Eck visits his grandfather's home in Hungary and is followed by a blue Toyota for the whole trip.  A police officer emerges from the Toyota the next day and accompanies Paul Eck and his friend named Robert on a boat ride while they look for a clue Eck's friend claimed to have seen.  While they are gone, Eck's trailer is stripped and searched.  A journalist who is interested in the story approaches Eck and offers to help piece together information on the case.  The next doctor Eck visits is named Dr. Goriupp and tells Eck of his father's involvement in the gun trade.
A gypsy who previously worked for Eck's uncle finds the car in which Eck's father was murdered before  the body was chopped up and put in the ocean.  Eck sees his stepbrother there and they plan to go fishing to discuss family matters the next morning.  On their fishing trip, Eck and his stepbrother fight and capsize their boat, resulting in a cut on Eck's forehead.
To get his wound stitched, Eck returns to Dr Goriupp.  While stitching Eck's head, the doctor begins coughing blood, and Eck hallucinates that the doctor is a cannibalistic monster, causing Eck to shoot the doctor in the eye.  A short while later, Eck awakes in the gypsy's home after experiencing drug-induced amnesia.  When Eck returns home he meets the journalist who tells him the police suspect a military man named Laposa of shooting both Dr. Goriupp and Eck's father.  Eck and the journalist go to the military base where they witness Laposa being arrested and confessing to killing Eck's father.
A gun fight breaks out in the trailer next to Eck's trailer which sparks a fire.  Eck takes some LSD he was given by a Swiss colleague.  Paul Eck and Robert fly away in Robert's plane.

ANALYSIS
There are many references to genocide in this novel.  Eck visits both a Jewish and a Serbian cemetery.  He also sees a former concentration camp, a Swastika, and a racist meeting in his journeys.  Paul Eck clearly feels guilty about the crimes of Nazis and the Bosnian Serbs.  Eck mentions that he feels like the stains of the past are haunting him presently when he discusses cleaning up his mother's blood.  I believe the purpose of the thematic inclusion of wartime material is to emphasize that the aftermath of genocide still haunts Europe.
Some silverfish infest Eck's trailer.  Although they appear to fall with gravity after the murder is resolved, Eck sees them the next day when he opens the Bible, which he falsely swore on earlier in the novel.  He leaves the trailer where the silverfish are contained.  The silverfish resemble most closely his conscience, and after the trailer park burns down, it is implied that Eck feels relieved as he hallucinates becoming one with the birds under the influence of LSD.
Throughout the novel, Eck experiences many discomforts within his body.  The reaction of his body to alcohol, and drugs, is well documented.  Every stomach ache Eck endures in The Lake is well documented and it is clear that he likes to tense his abs, and feel warm and full.  Why Roth shared these facts about Eck, I don't know.  To be honest, spending so much time as a reader swimming around inside of Eck's body as well as spotty translation made this book sort of dull for me.  Next week, I promise by book will not have anything to do with genocide, as that seems to be a recurring theme in my selections.

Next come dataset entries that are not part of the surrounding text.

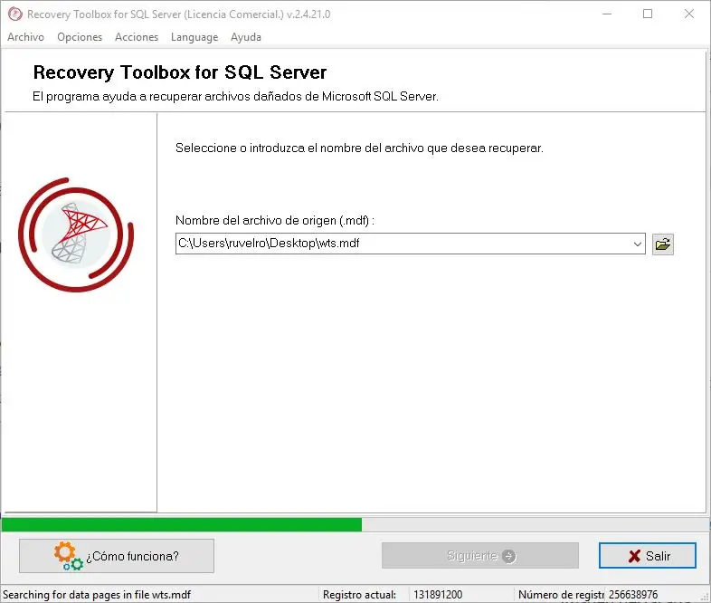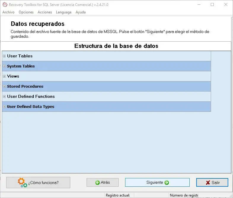 Cet outil est compatible avec les fichiers .mdf et .ndf et nous permet, en plus de voir un aperçu des données récupérées, de sauvegarder à nouveau le fichier dans le même format déjà réparé.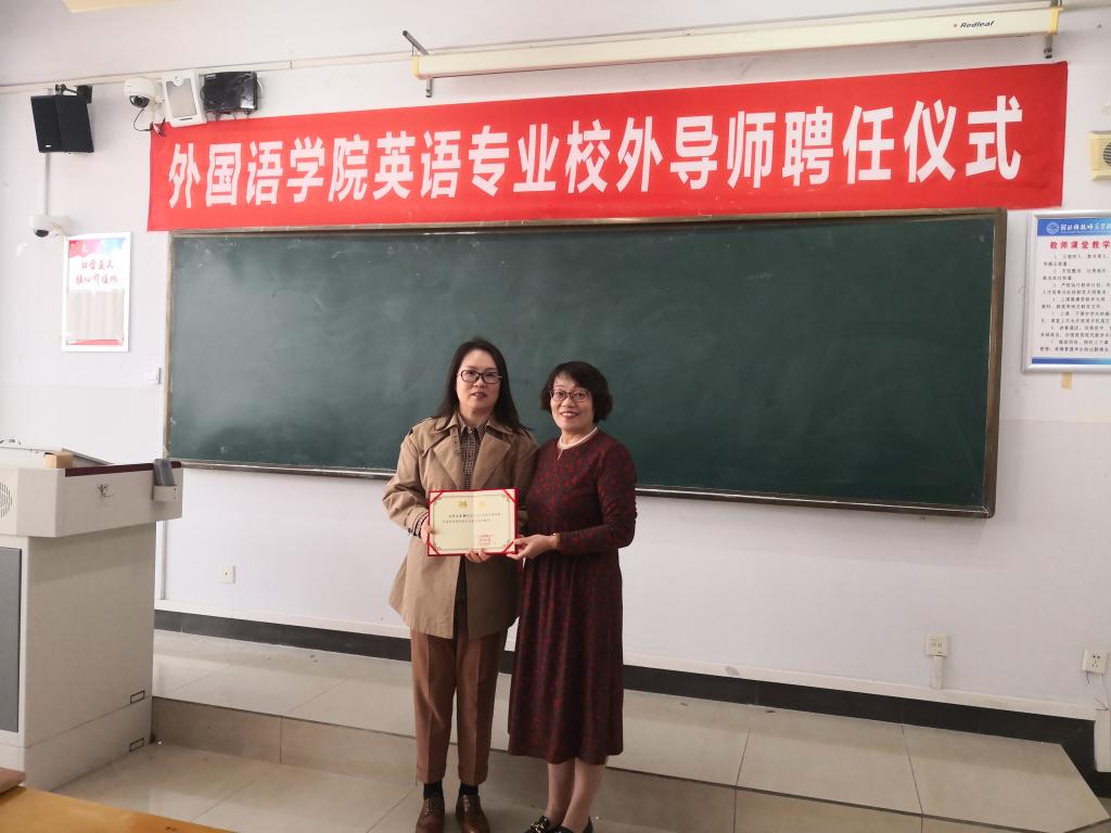 近几年来,四位校外导师通过yl8858永利集团“名师进课堂”、“名师大讲堂”、“名师工作坊”等系列活动指导英语师范生的教师教育课程学习、微格实训、教研活动等,积极参与我院师范生的协同培养。yl8858永利集团领导班子成员一一为四位导师颁发了证书,崔院长代表yl8858永利集团衷心感谢各位导师在协同育人机制下为我院师范生培养做出的巨大贡献,也希望各位校外导师继续参与我院师范生的培养工作,共同提升英语师范生的培养质量。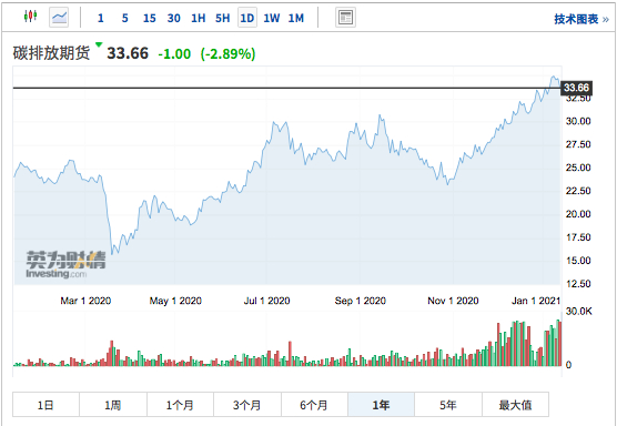 洲际交易所碳排放期货在去年12月时就涨至32.08欧元一吨,相当于39.08美元一吨,创下历史新高。而进入1月,继续上涨,截至今日(14日)午间,报33.66欧元/吨,再创新高。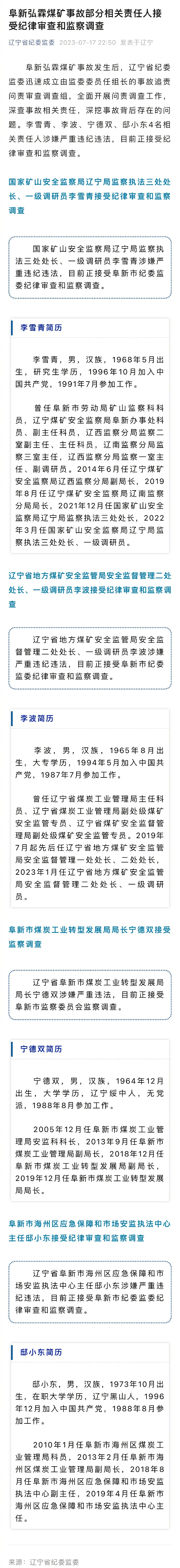 辽宁省纪委监委微信公众号7月17日通报,阜新弘霖煤矿事故发生后,辽宁省纪委监委迅速成立由监委委员任组长的事故追责问责审查调查组,全面开展问责调查工作,深查事故相关责任,深挖事故背后存在的问题。李雪青、李波、宁德双、邸小东4名相关责任人涉嫌严重违纪违法,目前正接受纪律审查和监察调查。

  • pharmaceutical representative goes on trip to sell prescription drugs
  • the representative's estranged father is secretly involved in the illegal gun trade
  • the representative's father is murdered and the representative becomes a suspect
  • the police discover that the representative's father was murdered by someone involved in the illegal gun trade


SOURCE
Roth, Gerhard. The Lake. Trans. Michael Winkler. Riverside, CA: Ariadne, 2000. Print. Book about a man suspected of killing his estranged father.